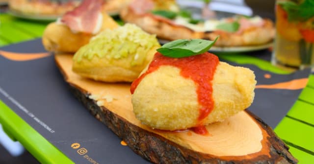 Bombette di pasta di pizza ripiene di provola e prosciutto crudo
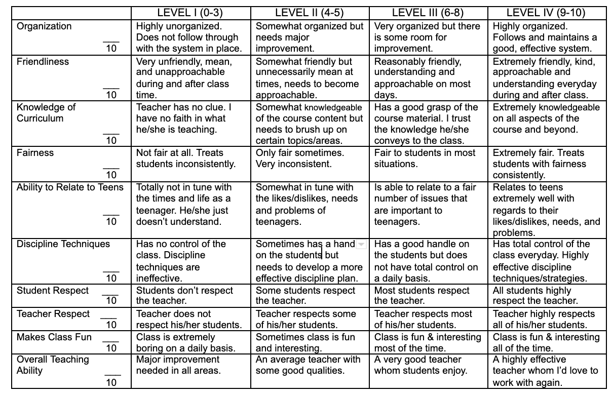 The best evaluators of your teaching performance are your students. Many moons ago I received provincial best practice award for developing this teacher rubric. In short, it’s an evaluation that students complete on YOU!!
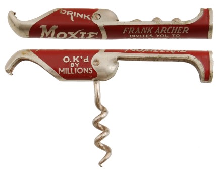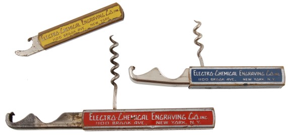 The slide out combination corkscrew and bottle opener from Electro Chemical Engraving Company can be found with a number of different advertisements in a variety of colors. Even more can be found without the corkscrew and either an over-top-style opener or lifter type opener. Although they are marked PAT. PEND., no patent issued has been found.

...

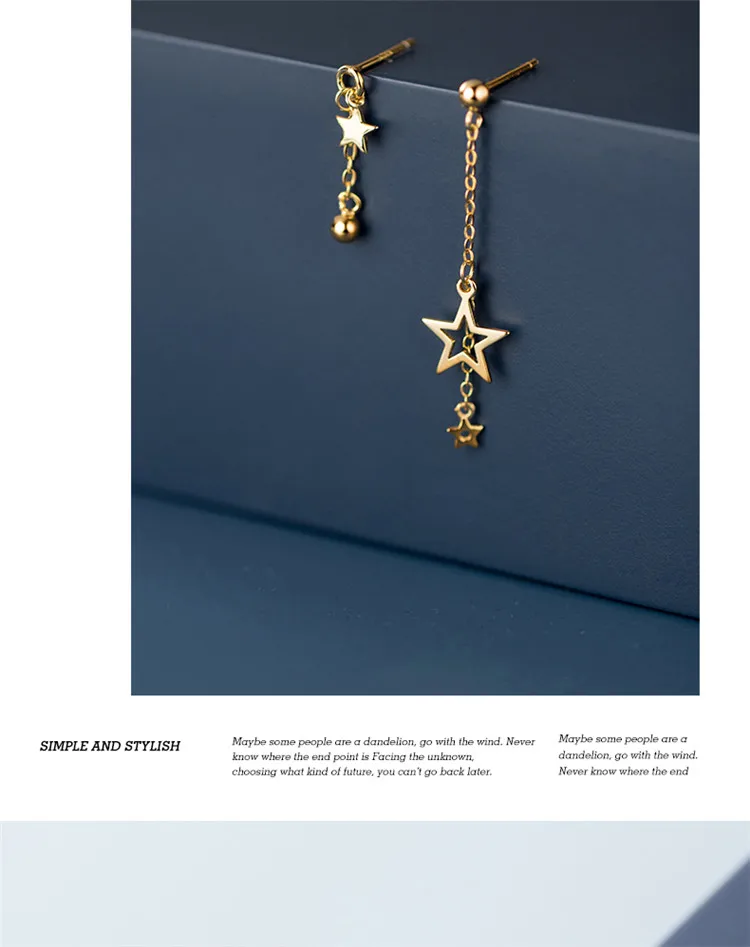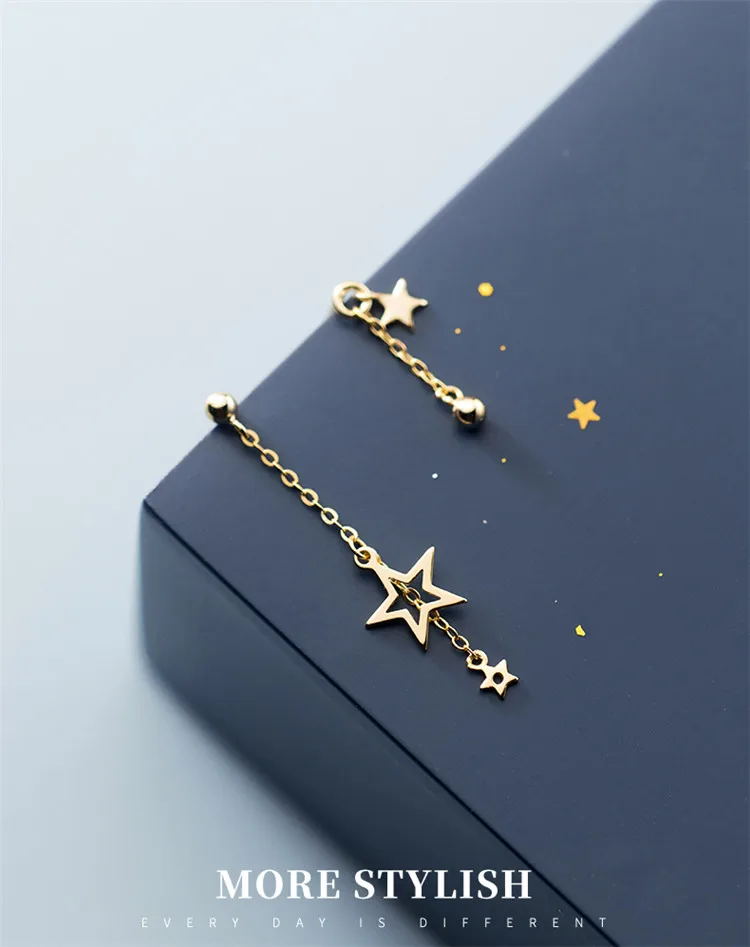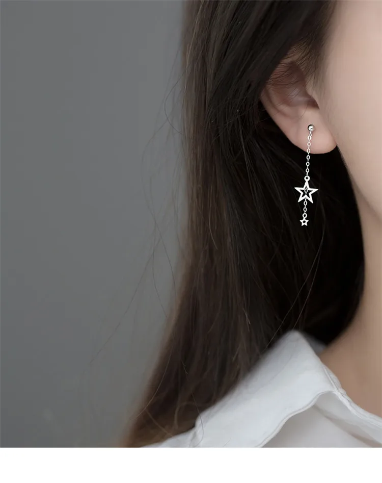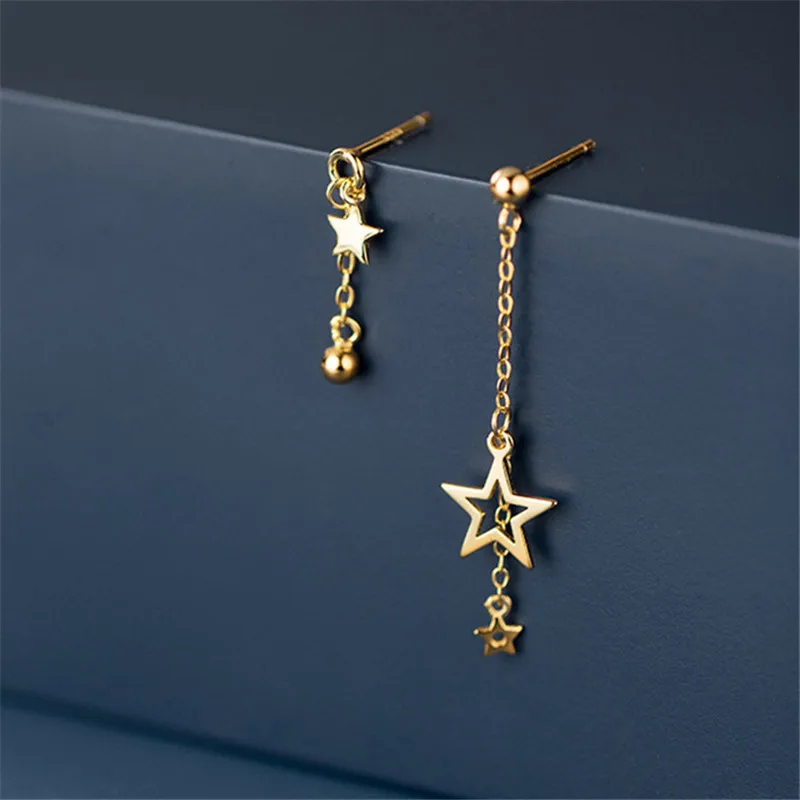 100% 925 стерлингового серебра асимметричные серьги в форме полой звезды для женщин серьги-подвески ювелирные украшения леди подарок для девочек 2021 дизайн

*Your assignment*
When you reach the line containing "The best evaluators" in the entries above, begin restating word for word, and stop once the line containing "The slide out" has been given. Omit the pictures.

*Exercise answer*
 The best evaluators of your teaching performance are your students. Many moons ago I received provincial best practice award for developing this teacher rubric. In short, it’s an evaluation that students complete on YOU!!
 The slide out combination corkscrew and bottle opener from Electro Chemical Engraving Company can be found with a number of different advertisements in a variety of colors. Even more can be found without the corkscrew and either an over-top-style opener or lifter type opener. Although they are marked PAT. PEND., no patent issued has been found.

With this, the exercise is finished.